I personally like some of the terminology used around the standard itself and the fact it describes ‘Risk Management’ as being the architecture for managing risk, it is the framework, principles to be applied and procedures. ‘Managing Risk’ is the implementation of this architecture. I come across people who say that they conduct risk management and maybe get confused whereas they are really managing risk, although you can argue terminology does not matter I do believe a clear distinction is needed between them both, as everybody understands the need to manage risk but perhaps think risk management is someone else’s job to do. I hope that makes sense!
A key point that does frustrate and annoy me is the fact companies claim that they are certified to ISO 31000. Firstly this will not be a UKAS certification etc, secondly the standard is asset of principles and guidelines and most importantly the standard itself states that it is not for certification.
The next follow up posts, coming over the next few weeks will allow me the chance to explain a little bit more about the standard, although ISO 31000 does cover risks and identifies some generic processes that will allow organisations to move forward with their own risk management practices, it aims to encourage you to build your own framework for the management of risk. In my next article I will look to give an oversight on the principles and framework involved for creating risk management practices in a business.
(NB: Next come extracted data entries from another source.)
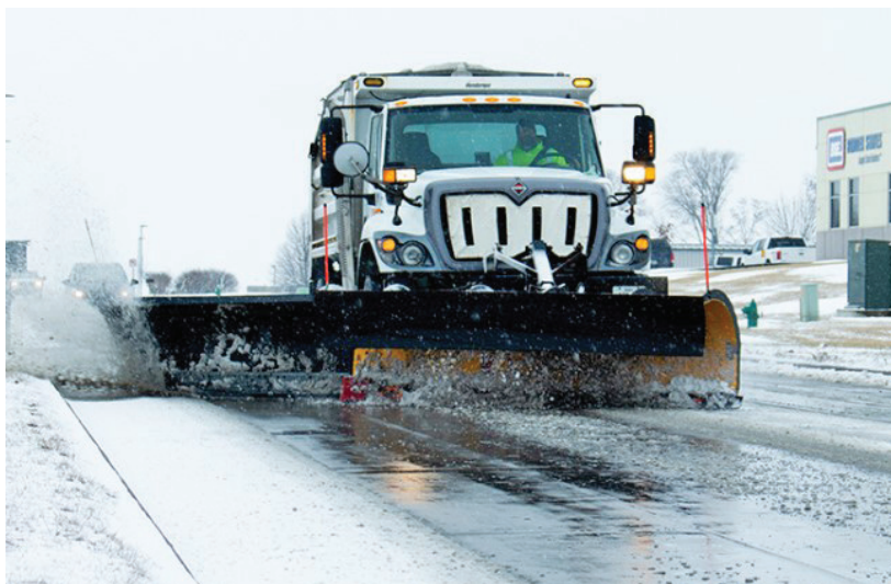
City of Ames, Iowa

Biodiesel is domestically sourced and can reduce transportation energy costs and harmful emissions. However, it has a lower energy content than petroleum diesel, can gel in very cold temperatures, and at higher blends can act as a solvent that releases deposits accumulated from petroleum diesel, clogging filters.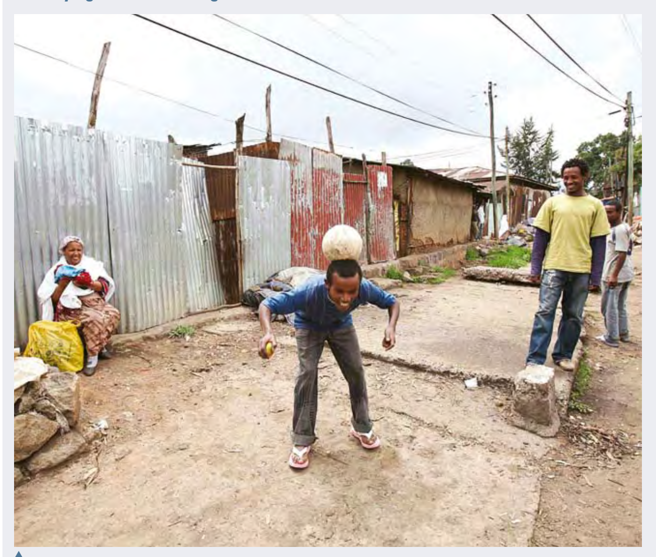
Boys play football in one of the suburbs in Addis Ababa, Ethiopia.

UN-HABITAT conducted its first Urban Inequities Survey (UIS) in Addis Ababa, Ethiopia, in 2004. The survey, carried out in collaboration with Ethiopia's National Statistical Office and the Municipality of Addis Ababa, was administered to 1,500 households with the goal of understanding how, on a socio-economic level, people living in the city's slums and its planned neighbourhoods experience the city differently.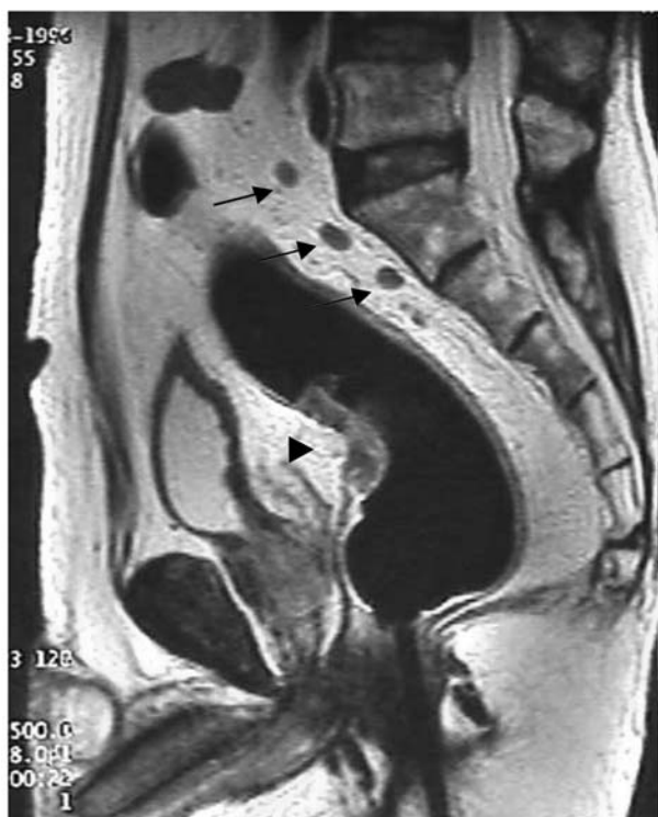
Figure 1. Rectal carcinoma and lymph node metastasis on MRI. (stage T3, N1) (T2-weighted imaging, sagittal section). Arrows indicate metastatic lymph node from 6 to 10 mm in longitudinal diameter with ellipse shape and minor heterogeneous internal structure. An arrowhead indicates the tumor.

longitudinal axis and stained with hematoxylin and eosin. Pathological slides were reviewed by pathologists who had no preoperative MRI information. On MR films, these measurements were also obtained and compared with pathological findings. An optimal preoperative criterion on MRI was clarified by receiver operating characteristic (ROC) analysis (20-22).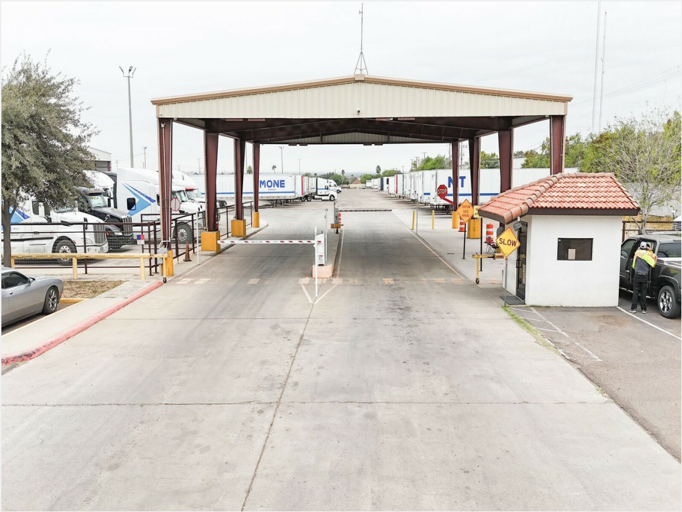
Security guard quarters

So why should you manage risk? Let’s finish off with some food for thought in what the standard states an organisation can be assisted towards when managing risk.
The management of risk, if following the standard can enable an organisation to
- Increase the likelihood of achieving objectives
- Encourage proactive management
- Be aware of the need to identify and treat risk throughout the organisation
- Improve the identification of opportunities and threats
- Comply with relevant legal and regulatory requirements and internationals norms
- Improve mandatory and voluntary reporting
- Improve governance
- Improve stakeholder confidence and trust
- Establish a reliable basis for decision making and planning
- Improve controls
- Effectively allocate and use resources for risk treatment
- Improve operational effectiveness and efficiency
- Enhance health and safety performance, as well as environmental protection
- Improve loss prevention and incident management
- Minimise losses
- Improve organisational learning
- Improve organisational resilience
The standard intends to meet the needs of a wide range of stakeholders, including
- Those responsible for developing risk management policy within their organisation
- Those accountable for the ensuring that risk is effectively managed
- Those who need to evaluate an organisations effectiveness in managing risk
- Developers of standards, guides, procedures and codes of practice that (in whole or part) set out how risk is to be managed
It claims a lot can be achieved, what is this like in real practice….stay tuned for the future posts on this topic.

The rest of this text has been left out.